Jennie's Homemade Eggnog

makes 1 1/4 quarts (1.25 L)

Music Pairing: Christmas Wrapping by The Waitresses

You’ll need a dedicated 15 minutes to prepare this eggnog, so plan on making it when you can give it your full attention. I start off making a zabaglione-like base (an Italian pastry cream used in tiramisu), and then stir in the milk. It’s a gentler way to cook the egg yolks, and ensure they don’t curdle or break.

I first tried it using the whole egg, but it was missing richness and depth, so I decided to save the whites for my royal icing and go with just the yolks. Many eggnog recipes call for cream and whole milk—it’s rare to find a lower fat version. Look no further, though—I made mine with 2% milk and honestly can’t imagine enjoying a whole glass with a heavier version. A splash of bourbon is totally optional.

4 large egg yolks (save the whites for a later use)

3/4 cup (150 grams) natural cane granulated sugar

1/2 vanilla bean, split in half

4 cups (1 liter) 1% or 2% milk

Freshly grated nutmeg, to taste (a generous pinch for me)
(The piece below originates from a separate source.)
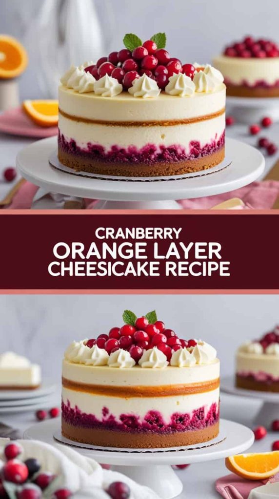 This cheesecake balances creamy filling with bright cranberry-orange layers for a fresh holiday dessert. It looks stunning on a Christmas table.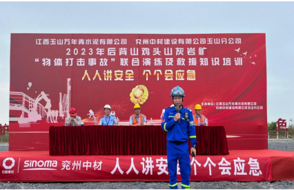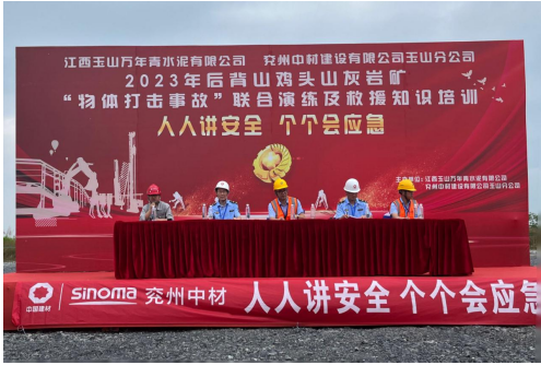 为深入宣贯党的二十大精神和习近平总书记关于安全生产重要论述,进一步树牢“以人为本、安全发展”的安全生产管理理念,贯彻“安全第一、预防为主、综合治理”的安全生产方针,强化非煤矿山事故应急救援管理工作和应急救援队伍建设,切实提高分公司应对矿山突发事故的联合应急救援综合能力,6月17日,兖州中材玉山分公司联合江西玉山万年青水泥有限公司、玉山县蓝天救援队、玉山县人民医院等举办2023年“物体打击事故”联合演练及救援知识培训活动。玉山县应急管理局局长吴高峰、玉山万年青水泥有限公司总经理李跃华等出席本次活动并致辞。

Get the double boiler going: Fill a 3.5-quart pot one-third of the way up with water. Set it over high heat, cover and bring to a boil.

Meanwhile, add the egg yolks and sugar to a 2-quart metal or glass bowl that will fit securely on top of the pot. Whisk vigorously until well combined and the egg mixture drops in thick ribbons when you hold the whisk over the bowl.

Remove the lid from the pot, and reduce the boiling water to a gentle simmer (little bubbles popping to the surface). Place the bowl on top of the pot. Whisk vigorously for five minutes, until the mixture is thickened and the sugar is mostly melted.

Scrape the seeds from the vanilla bean, and add them to the egg-sugar mixture. Whisk  to combine. Slowly whisk in 1 cup of the milk. Whisk vigorously to mix it well. Whisk in the remaining milk. Whisk in the nutmeg. Continue to cook the eggnog, whisking constantly, for 10 more minutes.

At this point you can serve the cooked eggnog warm. Alternatively, you can transfer it to a glass bottle. Let it cool for 30 minutes on the counter, then cover, and place the bottle in the fridge until thoroughly chilled, about 4 hours.